Ultimate Solution: GWT says "hey, here's a complete list of all urls we know about on your site that do not return 404/410 codes, yo" combined with "hey again, here are pages on your site with internal links that seem to be broken". Unfortunately that's not likely to happen, some sites are way too big.
Cutts Confusion: Matt, and several others, suggest that if someone is linking to a url on your site but they get it wrong, miss a character or whatever, that it's ok to redirect the broken url to the good one. Matt says this is the easiest way to capture incoming "juice" and plugs GWT as a great tool for finding such broken incoming links.(in a youtube video from a couple years ago, I don't know if his position has changed since)
On the flip side, spammy webmasters rather enjoy redirecting tons of pages to a url in order to get it to rank more highly and Google takes action against them. GWT now also reports them as "not selected" which they describe as "URLs from your site that redirect to other pages...".
So which is it? Personally I feel that a redirect now tells Google "hey, our site really does have both of these urls" and that it's not as benign as it once was, if you have too many of them.
Example of a problem: Many webmasters running wordpress don't know that if you add ".." or "--" to the end of a url that the page will render just fine with that url unless you block this in htaccess. Wordpress also redirects partially formed urls to the correct page on a best guess basis. While this is standard behavior you can expect your friendly neighborhood spammer to know this too and kindly create a bazillion duplicate urls for you intentionally, simply by linking to those pages from his spam-city-network.
Canonical is great but doesn't solve the problem that Google now thinks you really do have a lot of extra urls, they aren't returning 404 or 410. Is that a big deal? probably not, in fact almost certainly not, unless you're the incredibly unlucky webmaster among us who seems to get devalued by this type of thing which *some* undoubtedly will, the algo is a machine after all.

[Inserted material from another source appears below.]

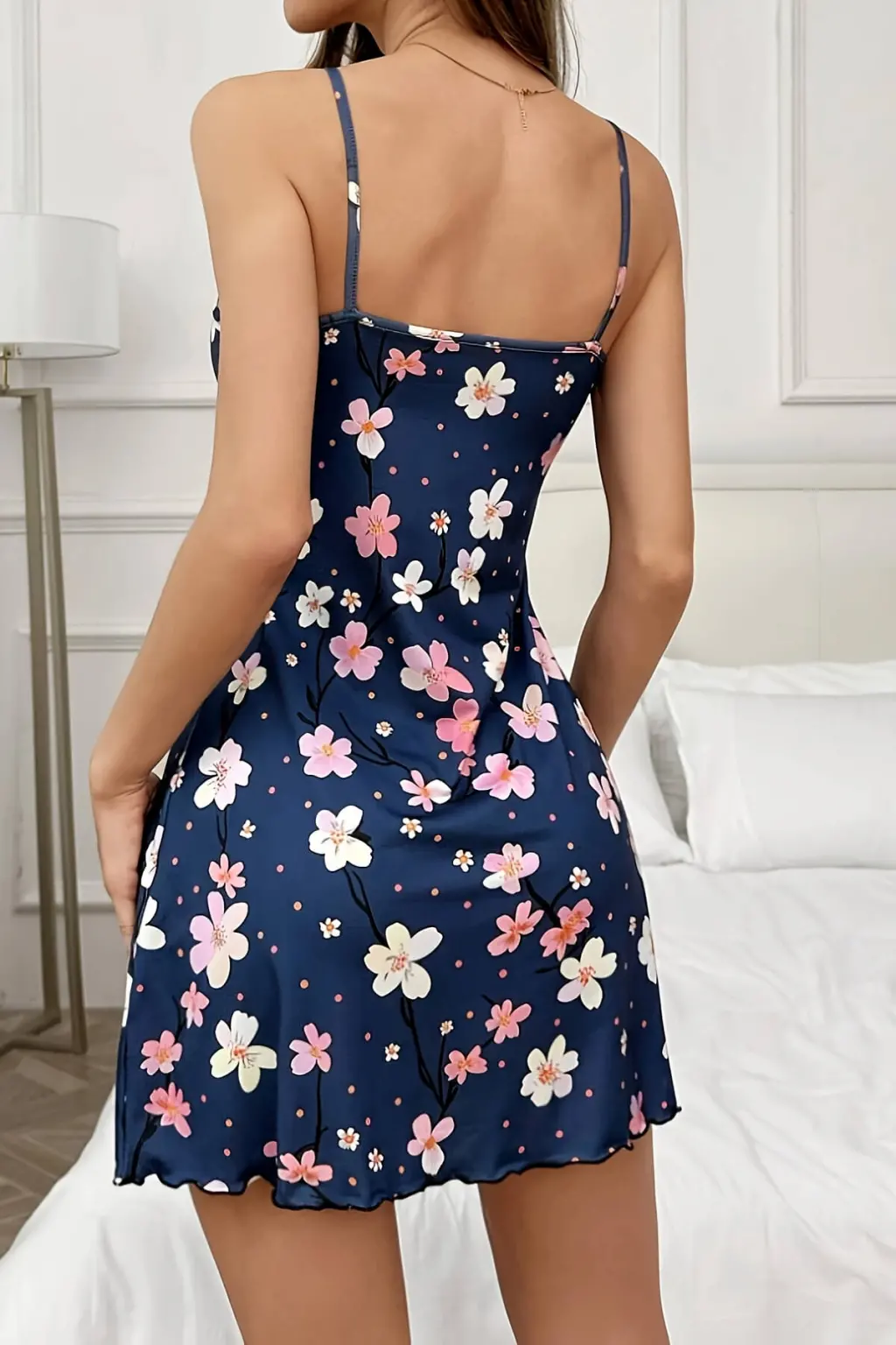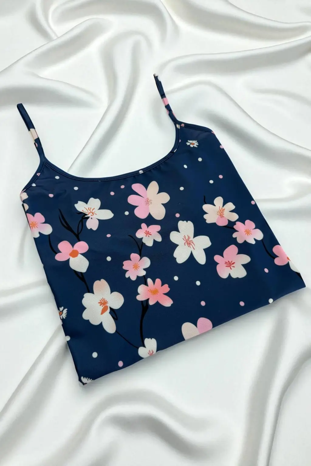 • Çiçek Desenli Mavi Askılı Gecelik

My experience: I had a small 300 page blog that Google thought had over 8000 pages, 7700 of those "not selected". I made a 100% static copy of the site, ditched the CMS, ditched the affiliate redirects I had on 5-6 pages, made a sitemap detailing which 300 pages actually exist and reduced my .htaccess file to near nothing so that very little could be redirected.
My result: Thousands of error messages in GWT for pages that I didn't want in existence anyway but, eventually, no "not selected" either.
Note: I don't think Google visits all of the urls in question so on page elements like canonical may not work, they seem to just ping for a header response without requesting the page. Fix those headers too.
Panda Concern: Several top SEO sites recommend removing low quality and duplicate content in order to minimize your exposure to Panda, your CMS is likely not helping you by creating pages you don't even know about and that Google doesn't report, unless they disapear. Without seeing them in a 404 report or by watching your server logs closely you can't possibly minimize how many you have. I now avoid redirects if at all possible, if a page isn't mean to exist I want a 404 and if Google has found it and I want it gone I prefer 410.
I won't even get into Google's testing of fictitious urls at random just to see what they get.